[[ Collected material open ]]
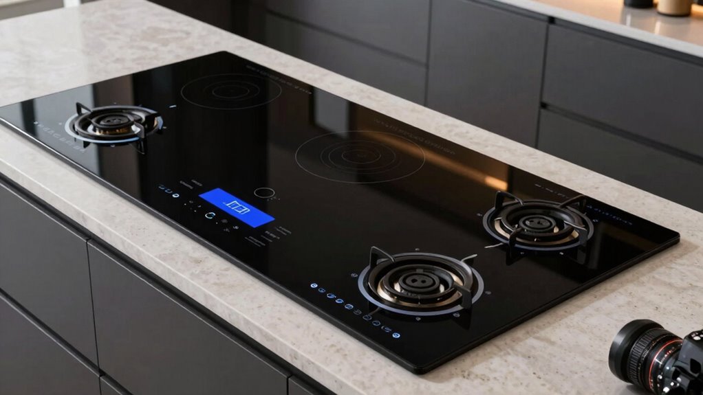Five-burner induction cooktops are markedly more energy-efficient than gas models. I’ve found they convert about 90% of electricity into heat, while gas only about 40-55%. This means I use less energy and save money over time. Plus, induction heats up faster and offers precise control, making cooking more efficient and eco-friendly. If you’re looking to cut energy costs, induction is definitely the way to go.
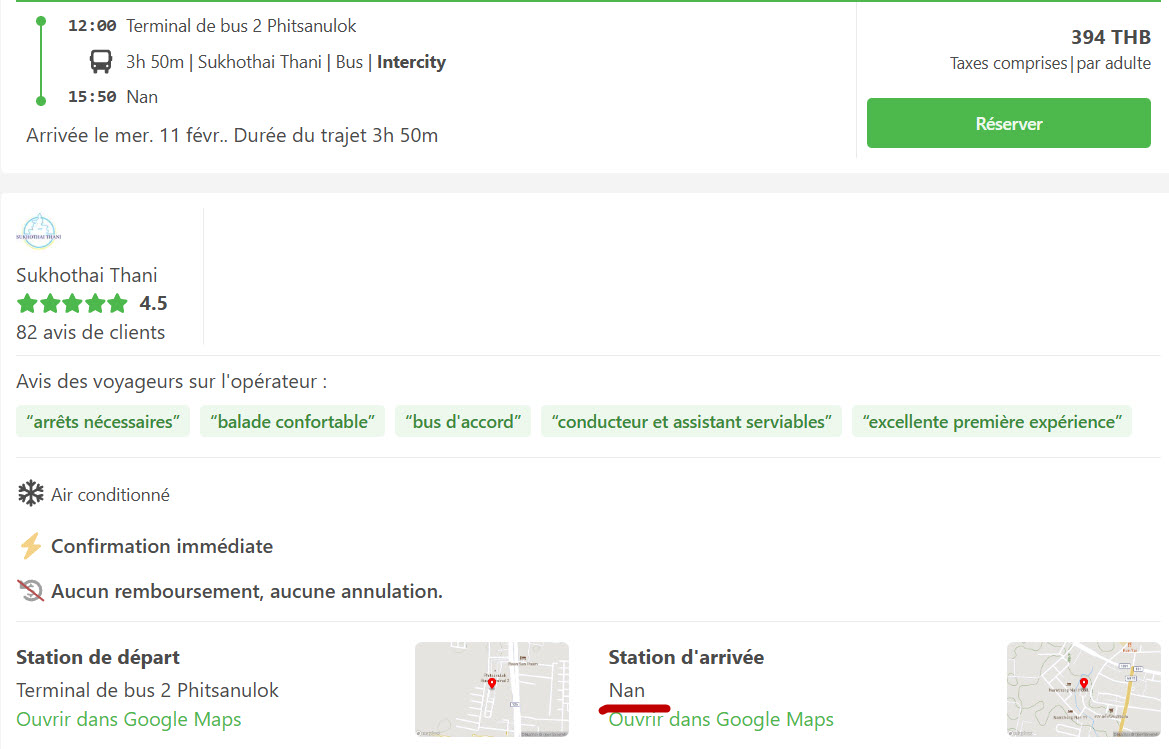 - Remarques : arrivée à l’aéroport de Nan à ~15 min du centre-ville en voiture/taxi
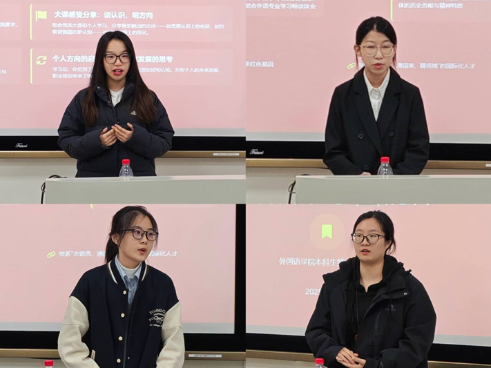 在前期学习基础上,支部召开专题组织生活会。在前期学习基础上,支部召开专题组织生活会。会议由前“红路”理论学讲团团长、专硕党支部党员杨倩同志作“言为心声,译通中外”主题分享。她结合自身理论宣讲经验,以交大西迁历史为背景,生动讲述了抗战期间交大师生投身译员工作的感人事迹,并深入解读其精神内涵。与会党员结合多语种素材与史料复印件,踊跃分享学习体会,并就“外语人的红色初心与时代使命”展开深入研讨。
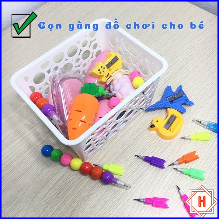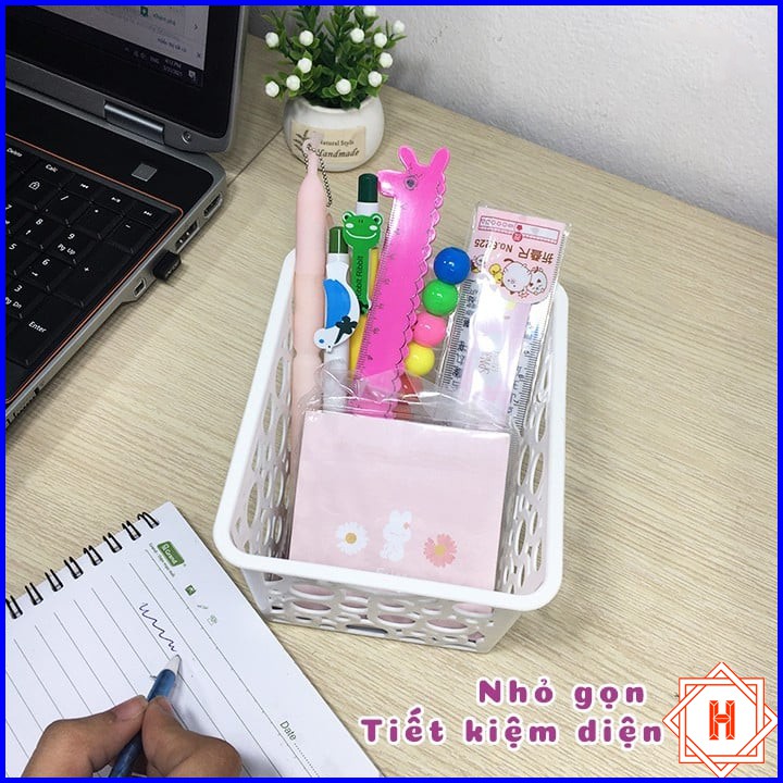 - Thiết kế thông minh với độ sâu, nhiều lỗ thoáng khí và có tay cầm tiện ích của Khay nhựa Hàn Quốc bé Song Long 2335 thoải mái đựng các vật dụng văn phòng phẩm, vật dụng sinh hoạt hoặc mỹ phẩm chai lọ hay bút kẻ, nước hoa có độ dài cao cho đến các vật dụng linh tinh nhỏ dễ thất lạc mà không có vấn đề trở ngại nào.
[[ Collected material closed ]]
**Task directions:**
A verbatim copy of the listing, with all pictures removed, is required.

**Task answer:**
Five-burner induction cooktops are markedly more energy-efficient than gas models. I’ve found they convert about 90% of electricity into heat, while gas only about 40-55%. This means I use less energy and save money over time. Plus, induction heats up faster and offers precise control, making cooking more efficient and eco-friendly. If you’re looking to cut energy costs, induction is definitely the way to go.
 - Remarques : arrivée à l’aéroport de Nan à ~15 min du centre-ville en voiture/taxi
 在前期学习基础上,支部召开专题组织生活会。在前期学习基础上,支部召开专题组织生活会。会议由前“红路”理论学讲团团长、专硕党支部党员杨倩同志作“言为心声,译通中外”主题分享。她结合自身理论宣讲经验,以交大西迁历史为背景,生动讲述了抗战期间交大师生投身译员工作的感人事迹,并深入解读其精神内涵。与会党员结合多语种素材与史料复印件,踊跃分享学习体会,并就“外语人的红色初心与时代使命”展开深入研讨。
 - Thiết kế thông minh với độ sâu, nhiều lỗ thoáng khí và có tay cầm tiện ích của Khay nhựa Hàn Quốc bé Song Long 2335 thoải mái đựng các vật dụng văn phòng phẩm, vật dụng sinh hoạt hoặc mỹ phẩm chai lọ hay bút kẻ, nước hoa có độ dài cao cho đến các vật dụng linh tinh nhỏ dễ thất lạc mà không có vấn đề trở ngại nào.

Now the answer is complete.